La couleur des sentiments : L’écriture au service des injustices

Pour son premier long métrage, Tate Taylor réussit une bien belle performance. Son film « La couleur des sentiments » au titre original The Help, nous dresse l’affreux tableau d’une précédente époque.

Plus précisément, cette époque se situe au début des années 60, dans le sud du pays de l’oncle Sam où la discrimination raciale était d’usage et chose normale. Une époque durant laquelle l’égalité raciale était utopique, trop osée et inimaginable. Tirée du roman de Kathryn Stockett, l’histoire mêle à la fois bourgeoisie féminine blanche et femmes afro-américaines. Ces dernières sont obligées, souffre-douleurs de leur maîtresses, de travailler six jours par semaine et de ne point utiliser les sanitaires de la maison.  Dans le cas où l’une de ces femmes s’aventurait à jouer la rebelle, le temps d’un simple geste, elle se retrouvait illico presto renvoyée voire même sauvagement embarquée par les forces de l’ordre.

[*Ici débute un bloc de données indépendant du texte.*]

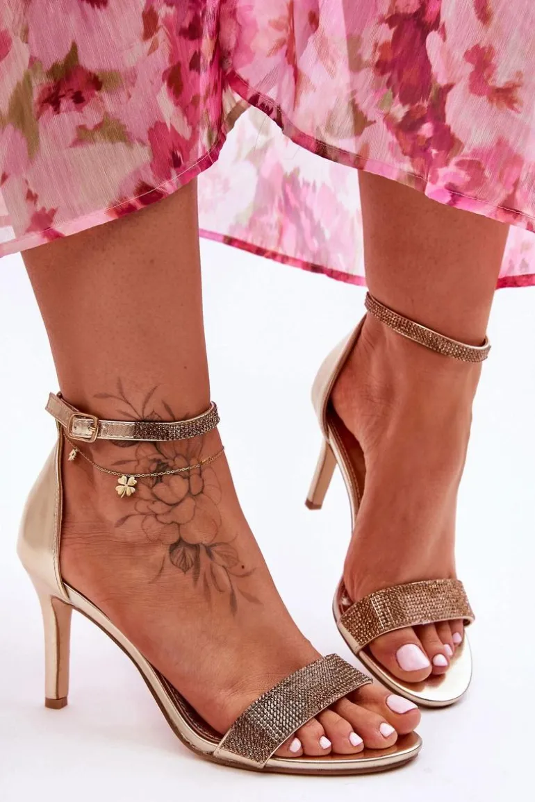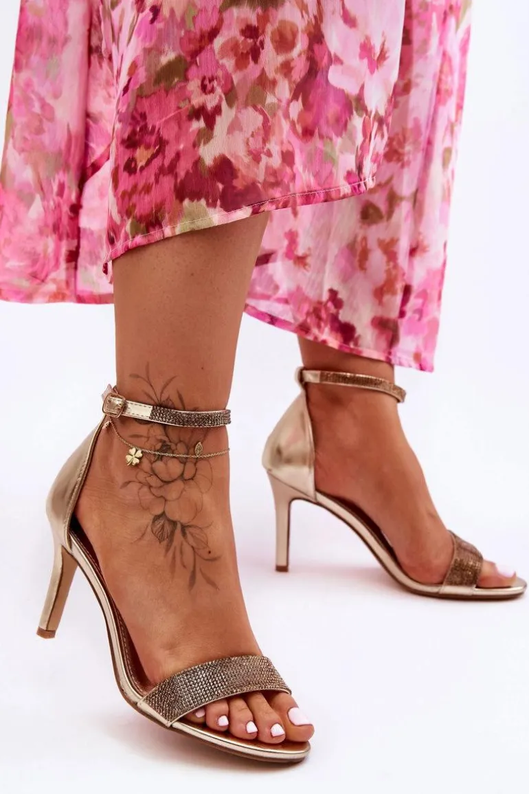 Damskie Sandały Na Szpilce Z Dżetami Złote Perfecto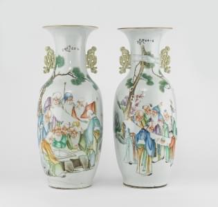 Porcelaine émaillée polychrome à décor de personnages, H 57,5 cm
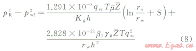 當(dāng)氣井產(chǎn)水,地層之中為氣水兩相流之時(shí),對(duì)氣相而言,式(1)中的參數(shù)滲透率應(yīng)該變成氣相滲透率。即對(duì)于氣水兩相流動(dòng)而言,氣井穩(wěn)定狀態(tài)條件下以壓力平方形式表示的氣相二項(xiàng)式產(chǎn)能方程為:

Le film a pour intrigue, une jeune petite sudiste du nom de Skeeter (Emma Stone), qui encore toute fraîche et jeune dans son costume de journaliste, décide de jouer les justicières et de donner la parole à ces femmes marginalisées.  Elle ne perd pas une minute et se met aussitôt au boulot, pour collecter le maximum de petites histoires.

Sans pour autant pondre un quelque chose d’exceptionnel et de sensationnel, Tate Taylor réussit avec brio à atteindre nos cœurs. Devant la perdition d’une mère célibataire ou encore la peur d’autres femmes, il n y’a pas de quoi rester de marbre. Si la romancière qui est à l’origine de cette histoire a su donner des mots aux cris des femmes d’une autre époque, ici le réalisateur a su redessiner ces sourires et cet humour présents tout au long du film, malgré les supplices que ces femmes ont pu endurer. Magistralement joués par Viola Davis ou encore Octavio Spencer, les rôles de ces femmes afro-américaines, sont quant à eux représentatifs au moindre détail de ce magnifique trait de caractère : Celui de toujours garder le sourire en dépit des pires atrocités.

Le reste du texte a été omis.